Step 2: eps = 0.0400
Converged reason: 3 in 6 iterations.
Step 3: eps = 0.0600
Converged reason: 3 in 7 iterations.
Step 4: eps = 0.0800
Converged reason: 4 in 7 iterations.
Step 5: eps = 0.1000
Converged reason: 4 in 7 iterations.
Step 6: eps = 0.1200
Converged reason: 4 in 8 iterations.
Step 7: eps = 0.1400
Converged reason: 4 in 9 iterations.
Step 8: eps = 0.1600
Converged reason: 4 in 11 iterations.
Step 9: eps = 0.1800
Converged reason: 4 in 13 iterations.
Step 10: eps = 0.2000
Converged reason: 4 in 16 iterations.
Step 11: eps = 0.2200
Converged reason: 4 in 21 iterations.
Step 12: eps = 0.2400
Converged reason: 4 in 31 iterations.
Step 13: eps = 0.2600
Converged reason: 4 in 48 iterations.
Step 14: eps = 0.2800
Failed to converge. Reason: -5, after 50 iterations.
Step 15: eps = 0.3000
Failed to converge. Reason: -5, after 50 iterations.
Step 16: eps = 0.3200
Failed to converge. Reason: -5, after 50 iterations.
Step 17: eps = 0.3400
Converged reason: 4 in 42 iterations.
Step 18: eps = 0.3600
Converged reason: 4 in 30 iterations.
Step 19: eps = 0.3800
Converged reason: 4 in 24 iterations.
Step 20: eps = 0.4000
Converged reason: 4 in 22 iterations.

I’m been playing around with revising constraining across all axis (ref: Convergence difficulties with 3D periodic BCs - #2 by dokken)
which I’ve applied to your example:

import numpy as np
import ufl
from mpi4py import MPI
from dolfinx import fem, io, mesh
import petsc4py.PETSc as PETSc
from ufl import grad, ln, tr, det, variable, derivative, TestFunction, TrialFunction
from dolfinx_mpc import NonlinearProblem, MultiPointConstraint

# ------------------------------------------------------------------------------
# Mesh Generation
# ------------------------------------------------------------------------------
comm = MPI.COMM_WORLD

# Generate simple rectangular mesh
length_plate = 1.0
n_elem = 30

domain = mesh.create_rectangle(
    comm=comm,
    points=((0.0, 0.0), (length_plate, length_plate)),
    n=(n_elem, n_elem),
    cell_type=mesh.CellType.triangle,
)
dim = domain.topology.dim


# ------------------------------------------------------------------------------
# Boundary Conditions and Function Spaces
# ------------------------------------------------------------------------------
def bot_left_corner(x):
    return np.logical_and(np.isclose(x[0], 0.0), np.isclose(x[1], 0.0))

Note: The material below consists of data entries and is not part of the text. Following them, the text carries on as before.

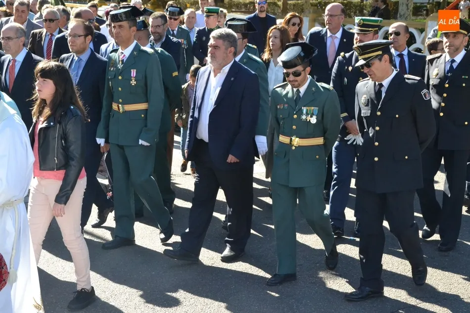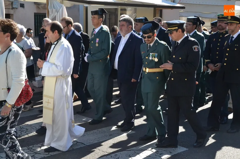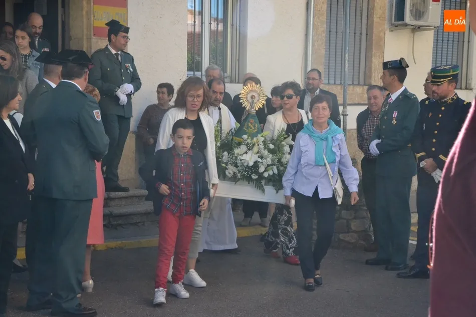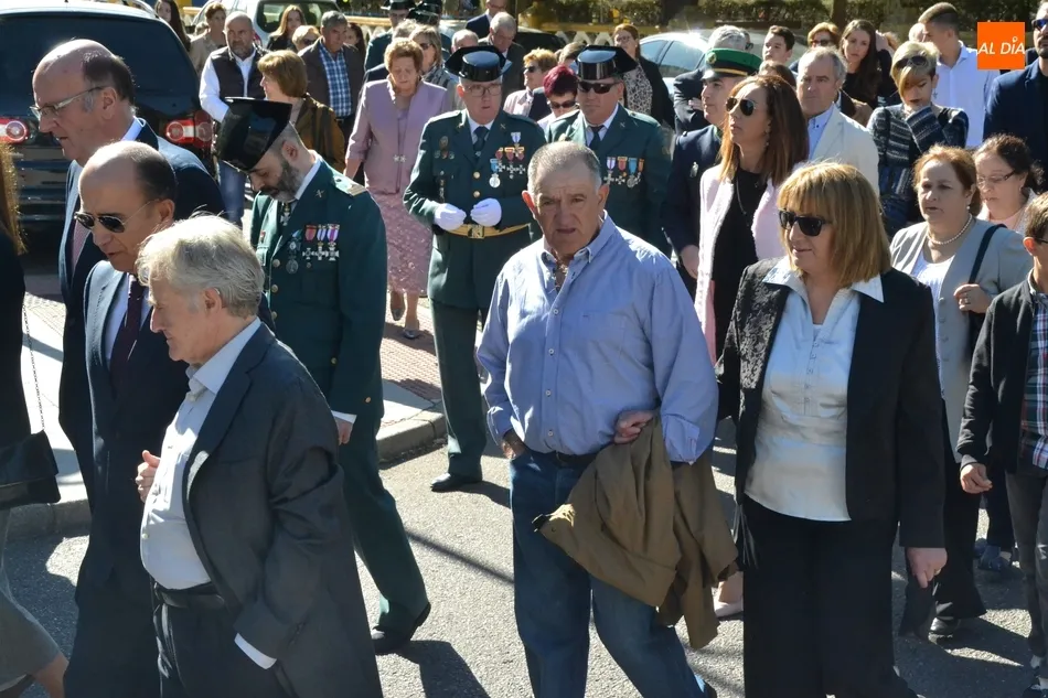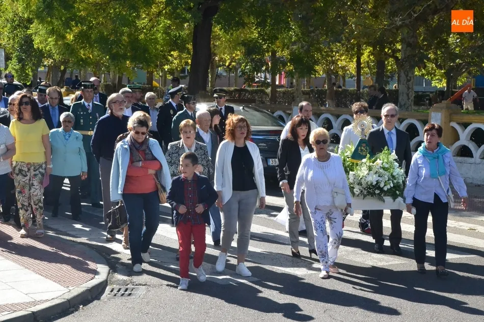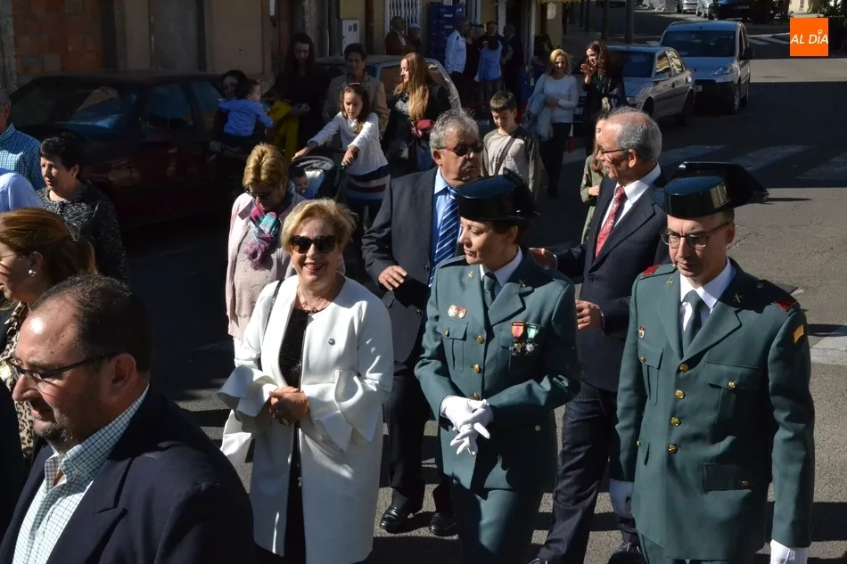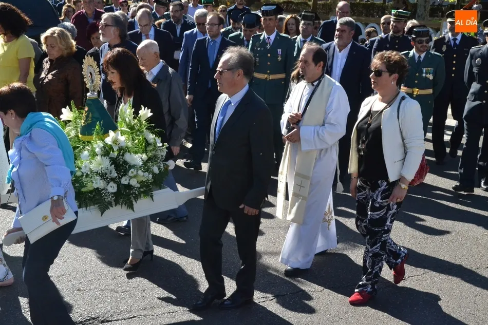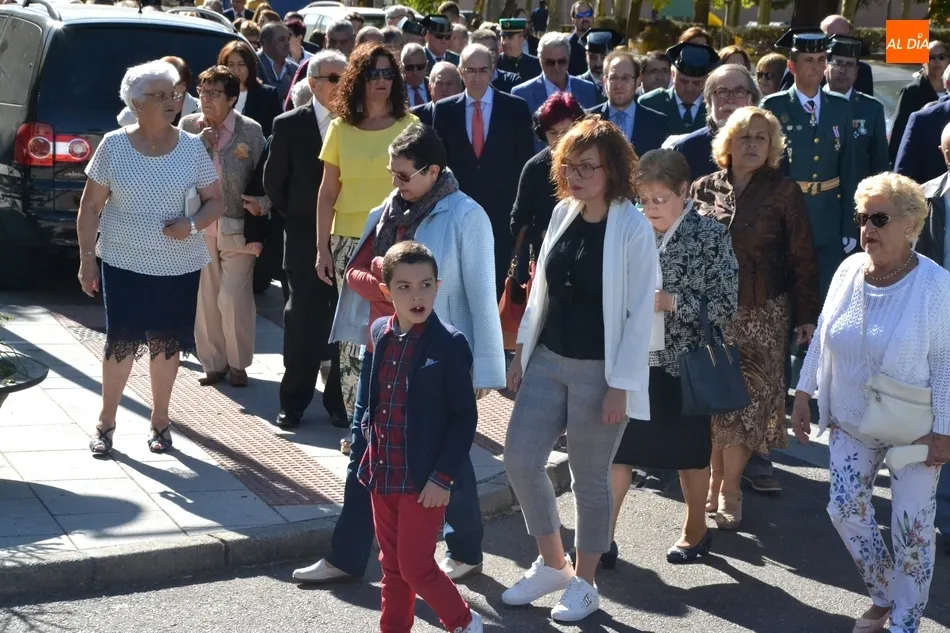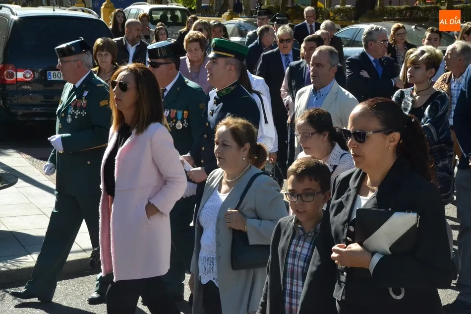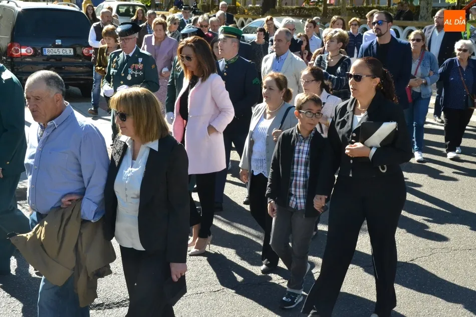Tras ello, tomó la palabra el párroco de San Cristóbal, Rafael Caño, quién dirigió una oración y la interpretación por parte de una serie de fieles del Himno de la Virgen del Pilar. Finalizado el acto en el Cuartel, llegó la hora de procesionar la imagen de la Virgen, que como es tradición fue portada durante la mayor parte del recorrido por mujeres familiares de agentes. La procesión, en una mañana soleada y con buena temperatura, transcurrió por las calles Laguna, Lorenza Iglesias y San Cristóbal en dirección a la Parroquia homónima.
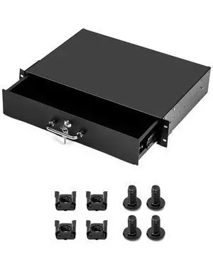 QWORK 2U Rack Mount Drawer Lockable Steel Storage Rack, 2U Drawer Server Cabinet Case for 19" Server Cabinet, Studio & DJ Setup
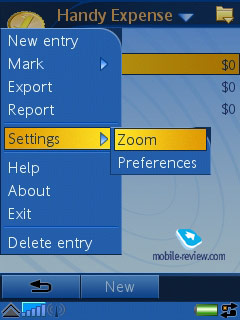 ВпечатленияНаибольшую сложность при освоении управления программой представляет идеология, связанная с наличием сенсорного экрана. Но это относится лишь к тем, кто привык иметь дело со смартфонами на базе платформы S60. Для пользователей, освоивших управление предыдущими UIQ-устройствами, оно никаких сложностей не составит. Да и привыкнуть к новому типу управления и отсутствию джойстика достаточно просто. У меня на это ушло несколько дней активной работы со смартфоном Р990i. После получения первоначальных навыков работа с программой доставляет удовольствие. Все очень логично, не требуется дополнительных нажатий для открытия нужного приложения, наличие «Избранного» позволяет скомпоновать их в одном месте. В качестве пожелания разработчикам можно лишь высказать предложение вывести главное окно программы в качестве скринсейвера на основной экран. В текущей версии работа с закрытым флипом также предусмотрена, но в виде самостоятельного запуска. Handy Expense
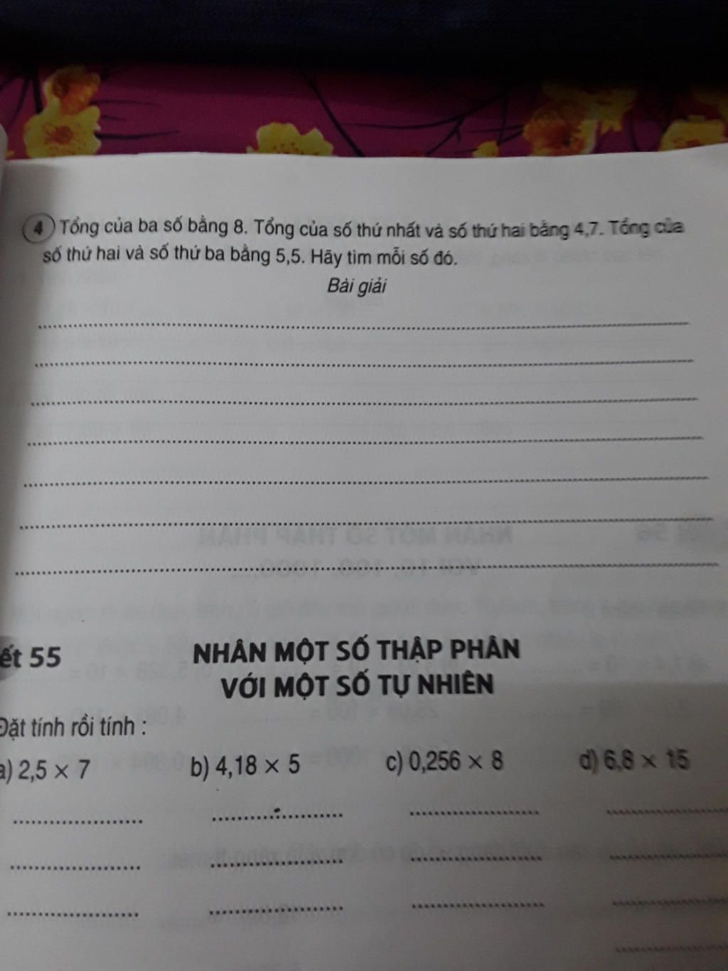 Đáp án: Số thứ nhất: `2,5` ; Số thứ hai: `2,2` ; Số thứ ba: `3,3`
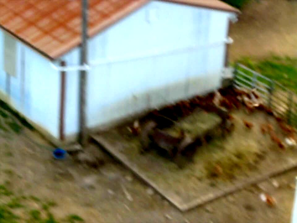 The people behind camera fly in a hot air balloon, scaring a near by barn of cows and chickens into a wall.
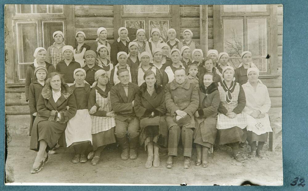 Mājturības kursu dalībnieces un pasniedzēji pie Domopoles (Bērzpils) divgadīgās lauksaimniecības skolas. 1. rindā no labās: 4. skolas pārzinis Jūlijs Zariņš. Grupas foto.
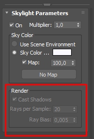 Если делаю новую сцену, ставлю бокс и добавляю Skylight, то у него галка доступна. Пробовал в старой сцене удалять и ставить заново Skylight, включать/выключать, менять туда-обратно рендер. Без толку, не доступна CastShadow и всё.
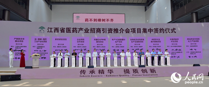 大會開幕現場,還舉辦了江西省醫藥產業招商引資推介會,10個項目現場簽約。人民網記者 時雨攝
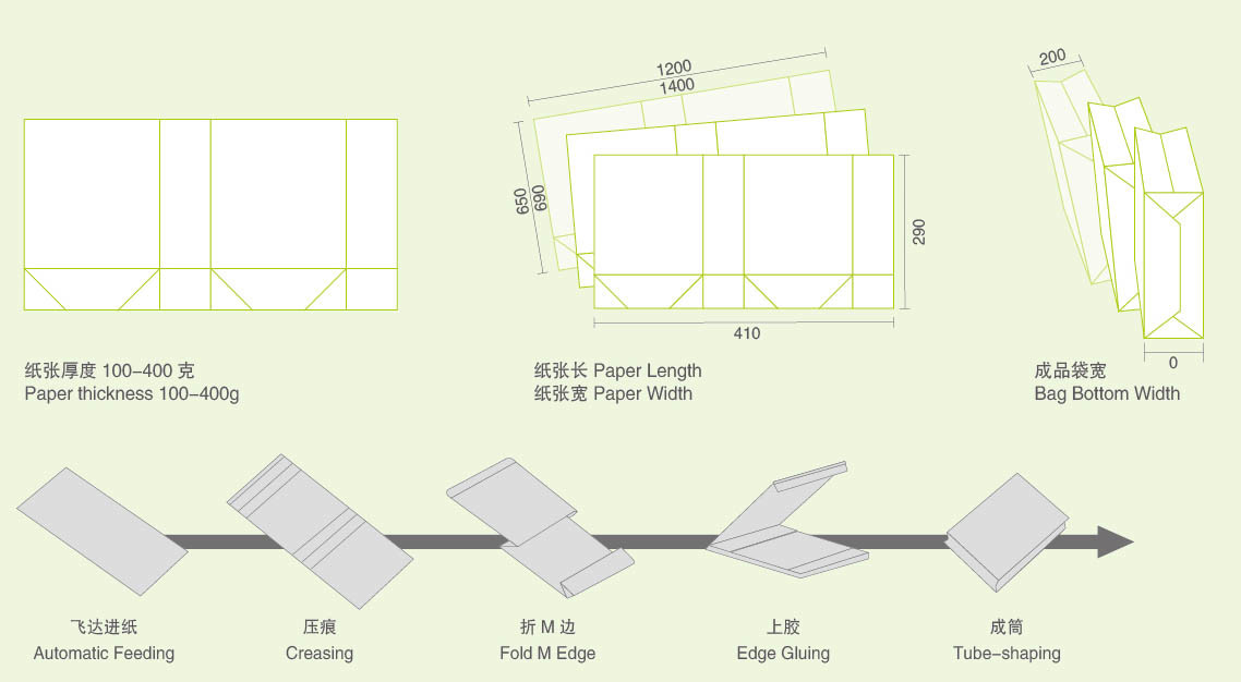 | ব্যাগের প্রস্থ | 160 মিমি - 450 মিমি | কাগজের ওজন | 100 গ্রাম-350 গ্রাম | |
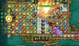 Combining the usual match 3+ game mechanics with tunnelling underground strategy elements is an absolute winner. Each level starts with a pocket of energy (an element) at one side, and an orb at another. Your challenge is blast a tunnel to let the energy flow to the orb and you do this by matching coloured gems in groups of three or more. This blasts away the ground underneath, all the blocks above slide down in an endless stream and you continue on your way. The bigger the chain however the bigger the explosion so when you arrive on ice blocks and boulders, these are best exploded by getting huge chains erupting next to them to take those out too. Each level is timed so after the first ten levels or so you’ll start worrying about making quick progress too.
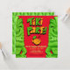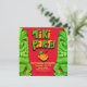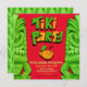 Convite de aniversário surpresa do Partido Tiki em verde-claro e amarelo com fundo vermelho.
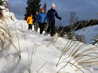 The duration of the route depends heavily on snow conditions. Fast and fit snowshoe walkers can probably complete the route in about one hour; others who prefer a more relaxed pace will certainly need 1.5 hours.

# Space for the periodic fluctuation field 'u'
V = fem.functionspace(domain, ("P", 1, (dim,)))

# Fix displacement at bottom-left corner (to remove rigid body motions)
pinned_dofs = fem.locate_dofs_geometrical(V, bot_left_corner)
u_zero = fem.Constant(domain, np.array([0.0, 0.0], dtype=PETSc.ScalarType))
bcs = []  # [fem.dirichletbc(u_zero, pinned_dofs, V)]


# Initialize MultiPointConstraint
tol = 1e-10


def PeriodicBoundary(axis):
    """
    Full surface minus dofs constrained by BCs
    """

    def complicated_mpc(x):
        condition = np.isclose(x[axis], length_plate, atol=tol)
        if axis == 0:
            return condition
        elif axis == 1:
            return np.logical_and(
                condition, np.logical_and(x[0] > tol, x[0] < length_plate - tol)
            )
        elif axis == 2:
            return np.logical_and(
                condition,
                np.logical_and(
                    np.logical_and(x[0] > tol, x[0] < length_plate - tol),
                    np.logical_and(x[1] > tol, x[1] < length_plate - tol),
                ),
            )
        else:
            raise RuntimeError("Axis should be 0, 1, or 2")

    return complicated_mpc


def create_periodic_map(axis):
    def periodic_relation(x):
        out_x = x.copy()
        out_x[axis] = 0
        return out_x

    return periodic_relation


mpc = MultiPointConstraint(V)
for axis in range(2):
    mpc.create_periodic_constraint_geometrical(
        V, PeriodicBoundary(axis), create_periodic_map(axis), bcs, tol=1e-10
    )
mpc.finalize()


# ------------------------------------------------------------------------------
# Variational Formulation (Fluctuation Method)
# ------------------------------------------------------------------------------
V_mpc = mpc.function_space
u = fem.Function(V_mpc, name="Fluctuation")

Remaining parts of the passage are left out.